■ **Activity**
Copy the data exactly as it appears, and do not include any pictures.

■ **Dataset excerpt**
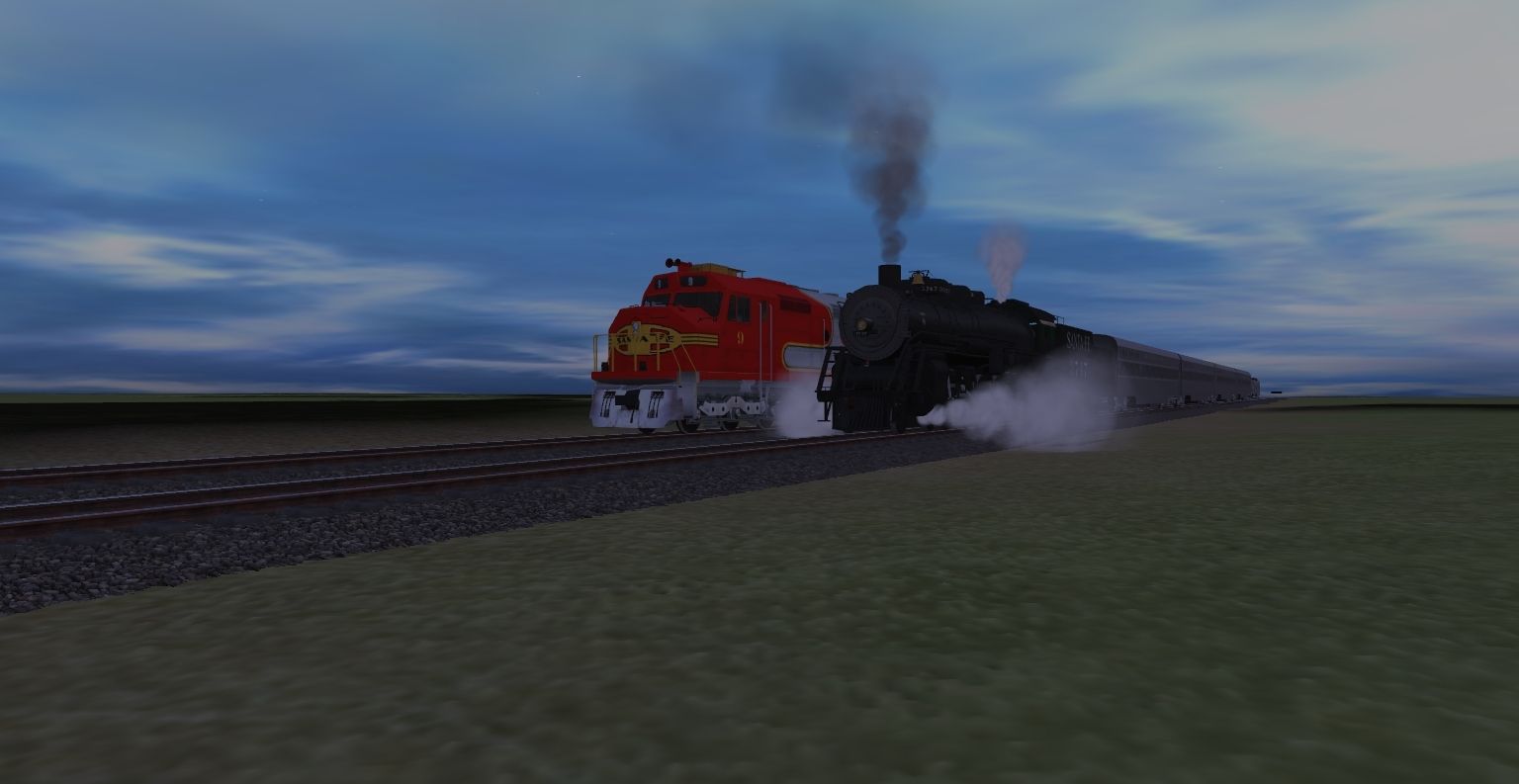Tags: Trainz Railroad Simulator 2019, Crawford Hill, ATSF 3700 Class Engine #3747, SF-FP45-001, ATSF 3700 Class Tender #3747, ATSF SS 6-4-4 Sleeper Valley Series (Two Tone), ATSF SS Chair Car, ATSF Observation
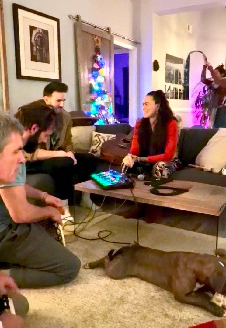 Back to Rumi’s poem about love. On New Year’s Day, I went to a tavern of friendship with two dear friends, Genesis and Martin and two new friends. There, music was on tap and a looper (if there’s a more technical word, I can’t find it). I’m a spazz when it comes to music, but Rumi’s love poem to oneness was looping in my mind. I asked to read it.
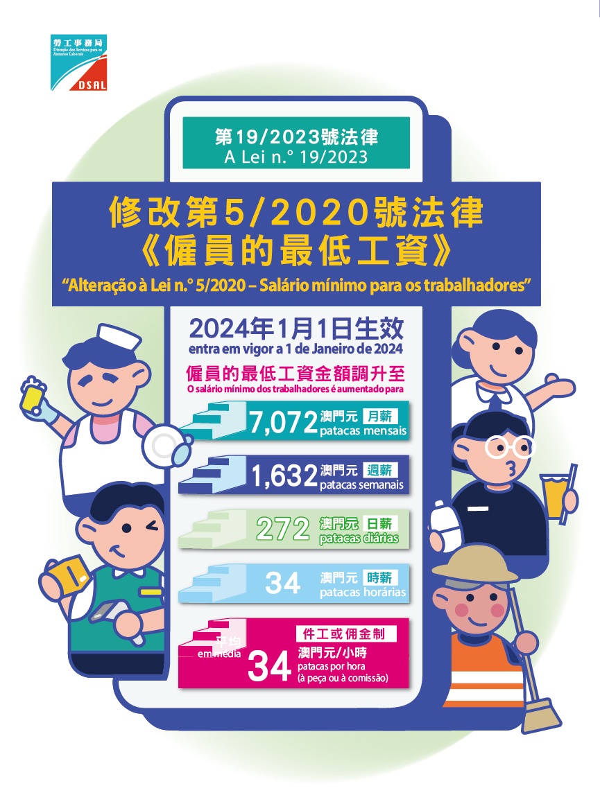 【本報消息】勞工事務局表示,最低工資金額調升將由2024年1月1日起生效,調升後的僱員最低工資金額分別為按月計算報酬,每月澳門元7,072元;按周計算報酬者每周工資1,632元;按日計算報酬每日272元;按小時計算報酬每小時34元;按實際生產結果計算報酬平均每小時34元。 勞工局指第5/2020號法律《僱員的最低工資》已於2020年11月1日生效,根據該法律的規定,最低工資金額須於...
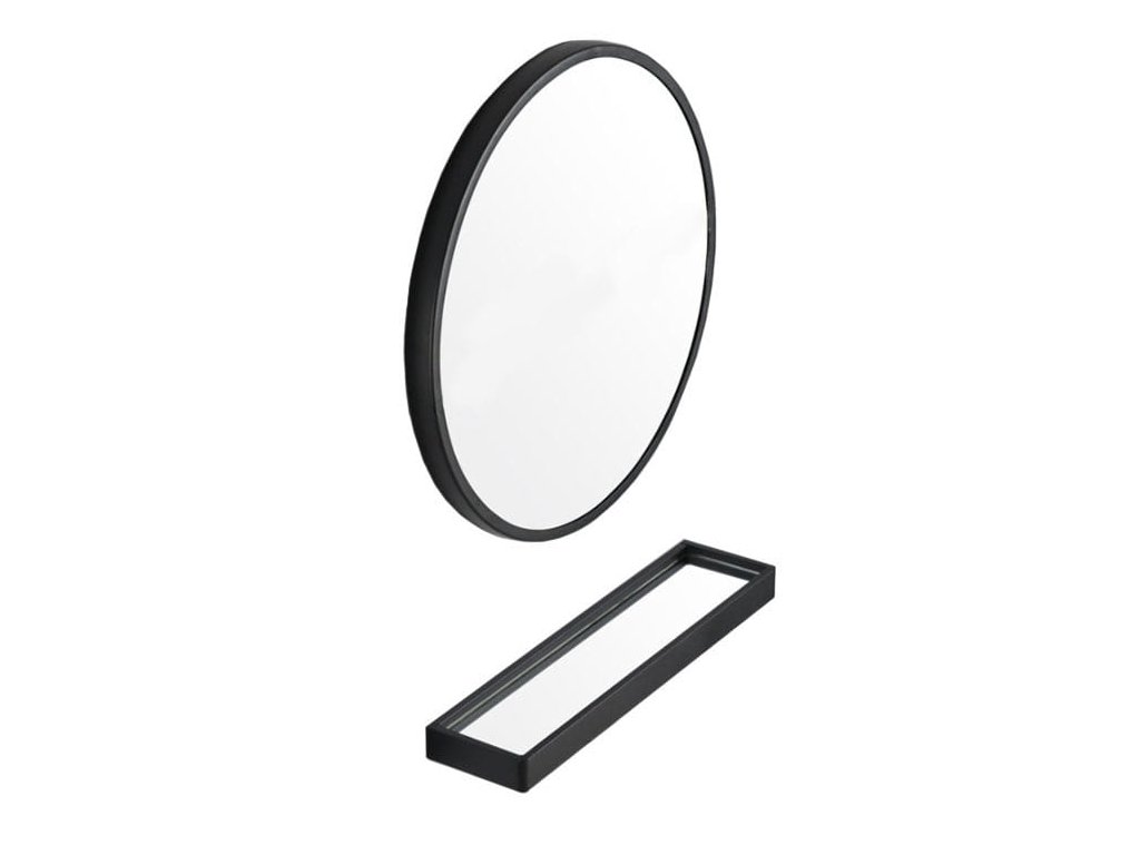 Crno okruglo ogledalo s policom BREDO Ø70 cm

■ **Answer below**
Tags: Trainz Railroad Simulator 2019, Crawford Hill, ATSF 3700 Class Engine #3747, SF-FP45-001, ATSF 3700 Class Tender #3747, ATSF SS 6-4-4 Sleeper Valley Series (Two Tone), ATSF SS Chair Car, ATSF Observation
 Back to Rumi’s poem about love. On New Year’s Day, I went to a tavern of friendship with two dear friends, Genesis and Martin and two new friends. There, music was on tap and a looper (if there’s a more technical word, I can’t find it). I’m a spazz when it comes to music, but Rumi’s love poem to oneness was looping in my mind. I asked to read it.
 【本報消息】勞工事務局表示,最低工資金額調升將由2024年1月1日起生效,調升後的僱員最低工資金額分別為按月計算報酬,每月澳門元7,072元;按周計算報酬者每周工資1,632元;按日計算報酬每日272元;按小時計算報酬每小時34元;按實際生產結果計算報酬平均每小時34元。 勞工局指第5/2020號法律《僱員的最低工資》已於2020年11月1日生效,根據該法律的規定,最低工資金額須於...
 Crno okruglo ogledalo s policom BREDO Ø70 cm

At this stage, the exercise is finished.